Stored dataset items

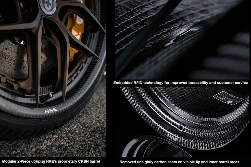 HRE’s CRBN® program uses the latest materials and manufacturing technologies to set a new standard in carbon fiber wheels. Relying on HRE’s 40+ years creating high performance wheels, CRBN® raises the bar in wheel performance and quality. These new two-piece wheels will feature the CRBN® rim joined to the forged aluminum centers with high-strength titanium fasteners. Customers will have the option to choose a “Frozen” Satin or Gloss clear coat on the CRBN® rim itself and any of HRE’s custom finishes for the forged center.
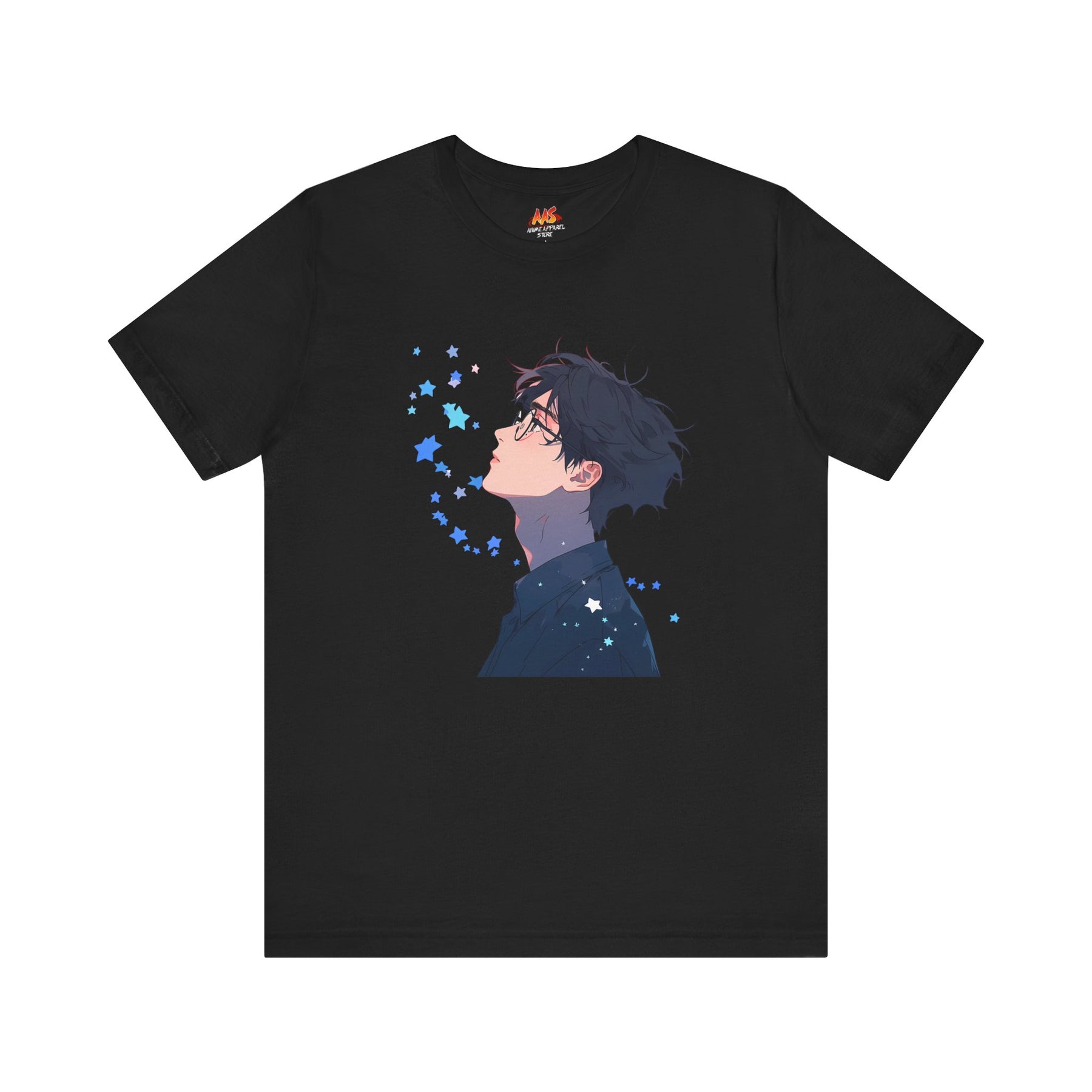“Midnight Reverie” captures the quiet gravity of the introspective mind. Featuring a soft palette of blues, purples, and galactic hues, this design evokes the bittersweet energy of late-night anime epilogues and soundtrack-fueled montages. A lone figure, lost in thought, surrounded by stars—but not looking at them. He’s looking beyond.
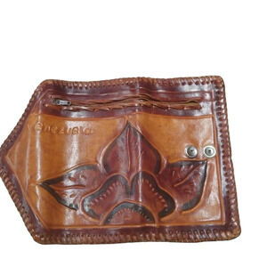 Handmade brown leather wallet from Venezuela. Leather is multi-tones of brown and tan. Tooling, embossing, engraving and stitching.
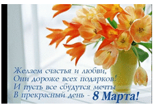 Уважаемые учителя - ветераны, коллеги - учителя, девушки, девочки. Мужской коллектив педагогов и учащихся юношей подзравляет Вас с праздником 8 Марта. Желаем Вам крепкого здоровья, весеннего солнца над головой, счастья и всего самого наилучшего.
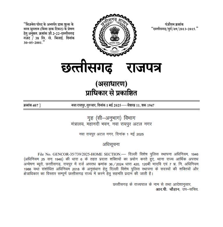 शिवम मिश्रा,रायपुर। झारखंड में शराब नीति में बदलाव कर करोड़ों रुपये के घोटाले को अंजाम देने के मामले की जांच अब CBI करेगी। छत्तीसगढ़ सरकार ने इसके लिए अधिसूचना जारी करते हुए दिल्ली विशेष पुलिस स्थापना अधिनियम, 1946 की धारा 6 के तहत CBI को छत्तीसगढ़ में जांच के लिए सहमति दी है। यह मामला रायपुर स्थित आर्थिक अपराध अन्वेषण ब्यूरो (EOW) द्वारा दर्ज अपराध से जुड़ा है।
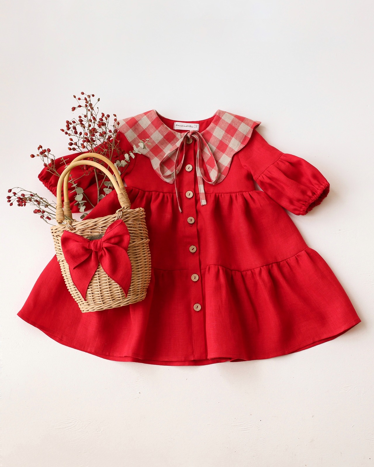 《 予約 》【 Dannie and Lilou 】Lantern Sleeve Tiered Dress with Scalloped Collar - HOLIDAY COLLECTION -
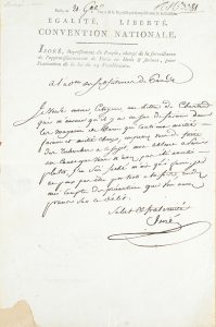 l'An II, Paris, adressée à l'administration des subsistances de Paris, 1 page, in-2¡. Lettre portée avec inscription manuscrite du destinataire au dos du documentet traces de cachet de cire rouge. Pliures, déchirures mais bon état.
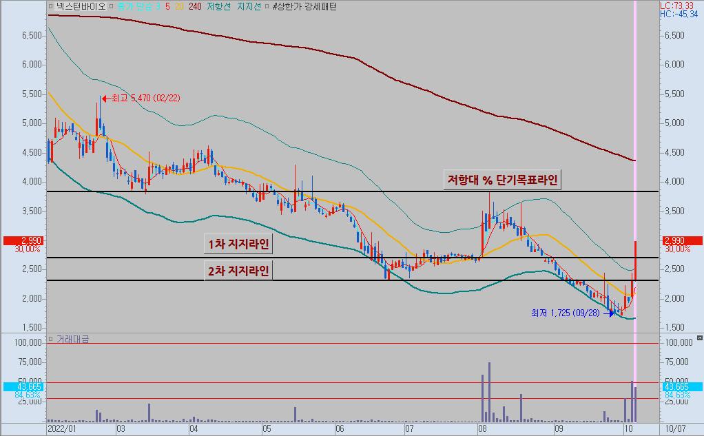 위의 이미지는 넥스턴 바이오의 일봉차트입니다.
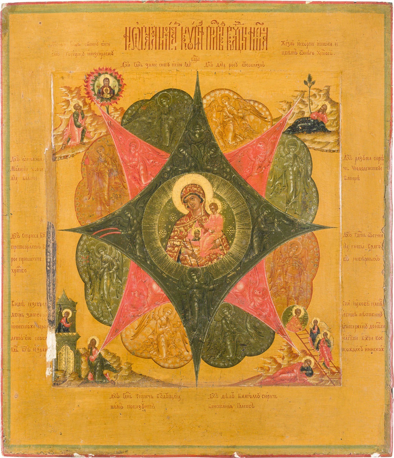 A FINE ICON SHOWING THE MOTHER OF GOD 'THE UNBURNT THORNBUSH' Russian, Palekh, circa 1800 Tempera on wood panel with kovcheg. The haloes made of gold. Minor paint losses, minimally restored. 35.9 x 31 cm.
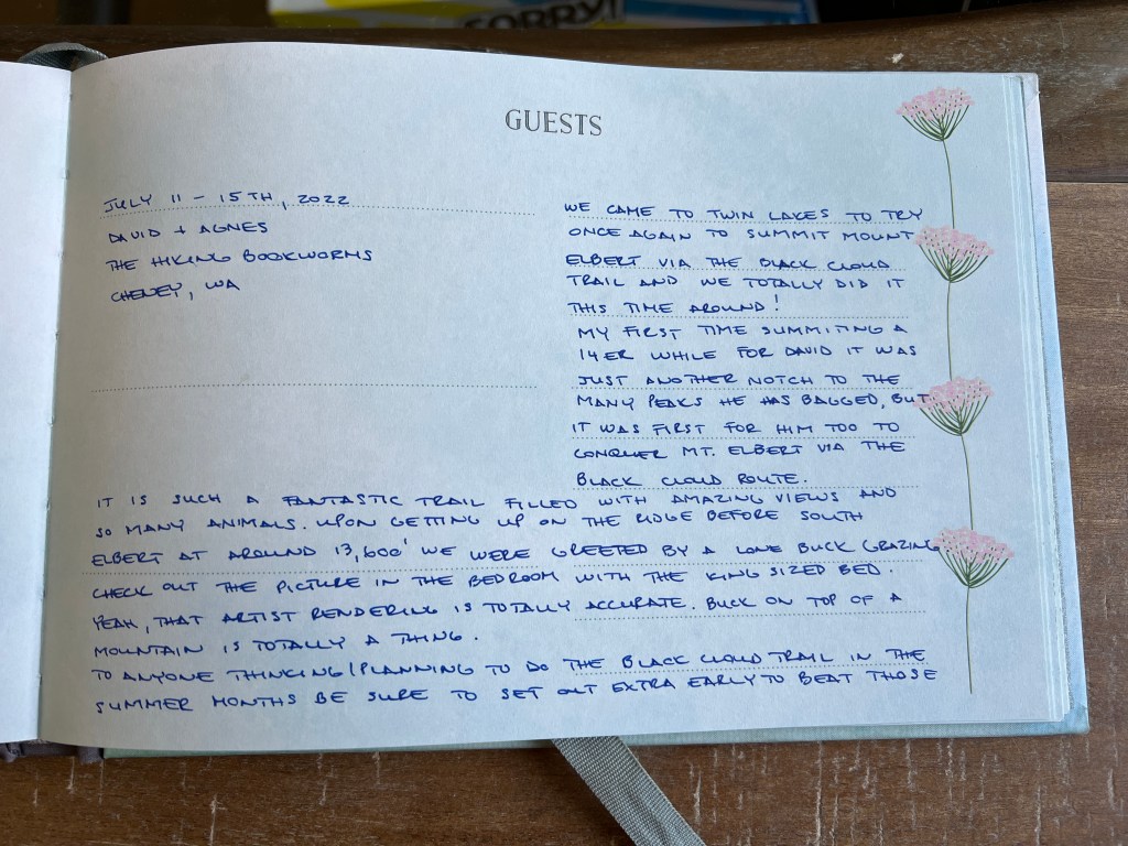 Did we have a great vacation in Twin Lakes? Yes, cause we summited Elbert via the Black Cloud Trail and it was fantastic to be able to stay in the Moose Meadow cabin with awesome views where we could spend a day acclimating to high altitude. Cook up our dinners. Make our lunches. Then rest our weary legs the day after the big hike. But the whole cleaning and how management was handling the situation remained a black cloud over our trip and we constantly had to keep thinking about the negatives.
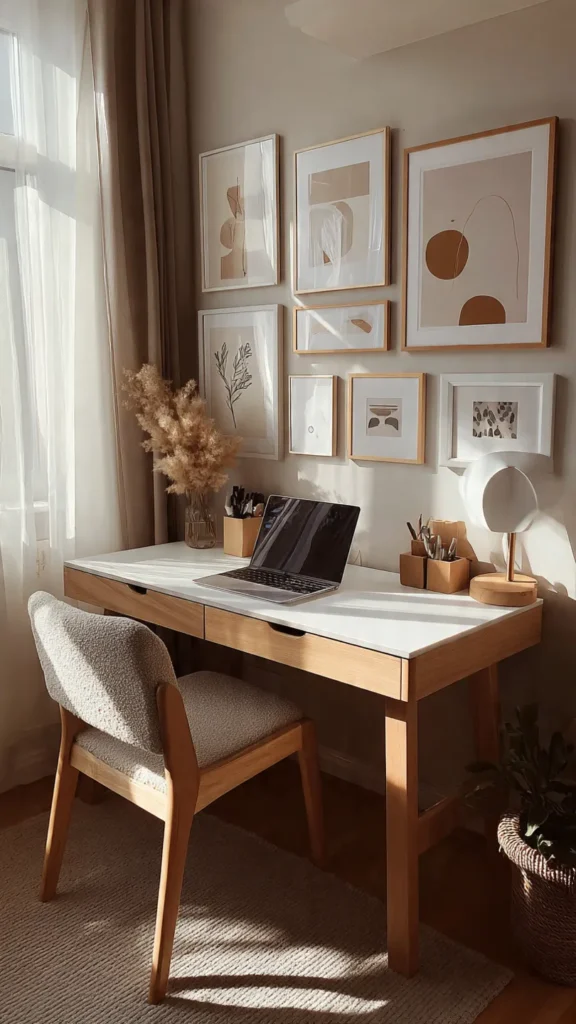 Your background plays a big role in how your workspace feels—and looks, especially for video calls. Adding a simple neutral curtain or fabric backdrop behind your desk can instantly elevate the aesthetic. It hides any cluttered areas and creates a clean, cohesive look. Choose light, airy fabrics like cotton or linen in shades like beige, white, or soft grey.
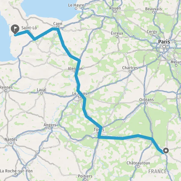 Prendre à droite et rejoindre A84 E401. Continuer sur 45 kilomètres
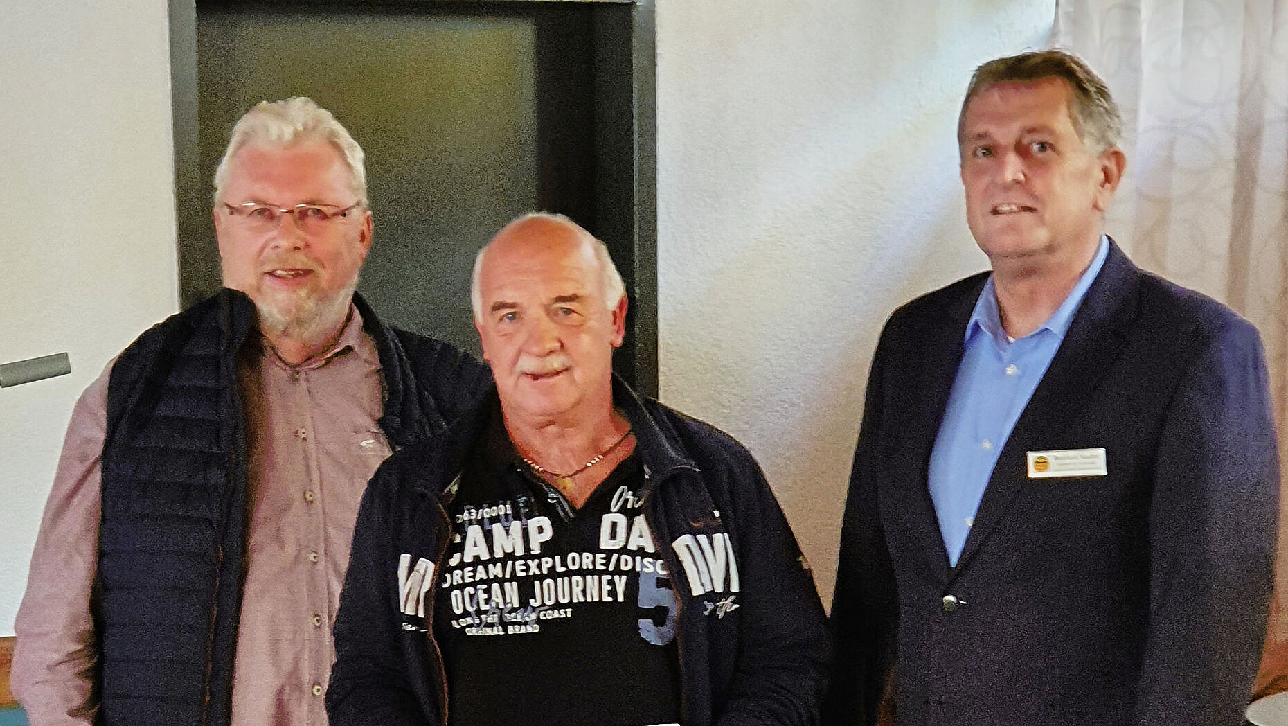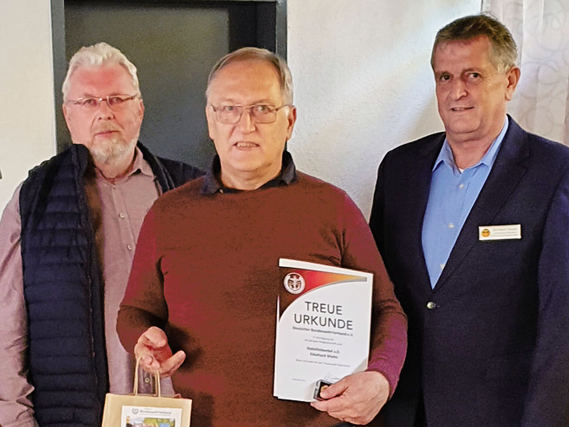 Die Vorsitzenden Hauber und Schneider würdigten den herausragenden Einsatz von zwei Mitgliedern der Kameradschaft. Mehr als fünfzig Jahre, damit fast sein halbes Leben, ist Stabsfeldwebel a.D. Ekkehard Wiehn Mitglied im DBwV. Seit vielen Jahren ist er stellvertretender Vorsitzender der Kameradschaft ERH und war eine Zeit lang auch Vorsitzender der hiesigen Standortkameradschaft. Auf über 40 Jahre Mitgliedschaft bringt es Stabsfeldwebel a.D. Roland Wölpper, der sich seit vielen Jahren in der Kameradschaft bei der Organisation von Veranstaltungen einbringt. Wiehn und Wölpper erhielten Treueurkunden und -nadeln.
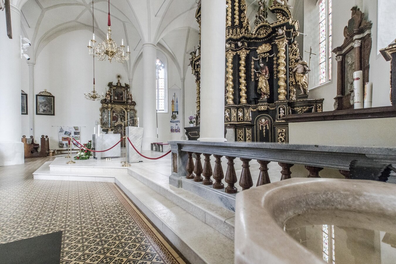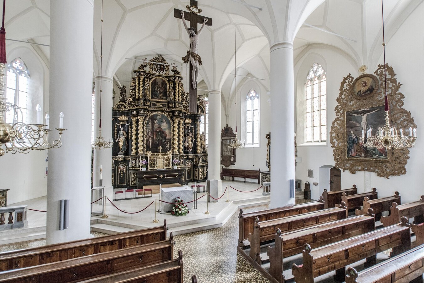 Die Stadtpfarrkirche ist im Kern spätgotisch und erhielt durch einen umfassenden Umbau in den Jahren 1522 bis 1532 ihre heutige Gestalt als dreischiffige, fünfjochige Hallenkirche. Der Turm trägt seit 1832 einen Zwiebelhelm, der nach Brand 1937 wieder originalgetreu hergestellt wurde.

*REQUIREMENT*
Reproduce the data above exactly, but only the lines from the one showing "l'An II, Paris, adressée" through the one showing "위의 이미지는 넥스턴 바이오의 일봉차트입니다.", with both ends kept and the pictures left out.

*RESPONSE BOX*
 l'An II, Paris, adressée à l'administration des subsistances de Paris, 1 page, in-2¡. Lettre portée avec inscription manuscrite du destinataire au dos du documentet traces de cachet de cire rouge. Pliures, déchirures mais bon état.
 위의 이미지는 넥스턴 바이오의 일봉차트입니다.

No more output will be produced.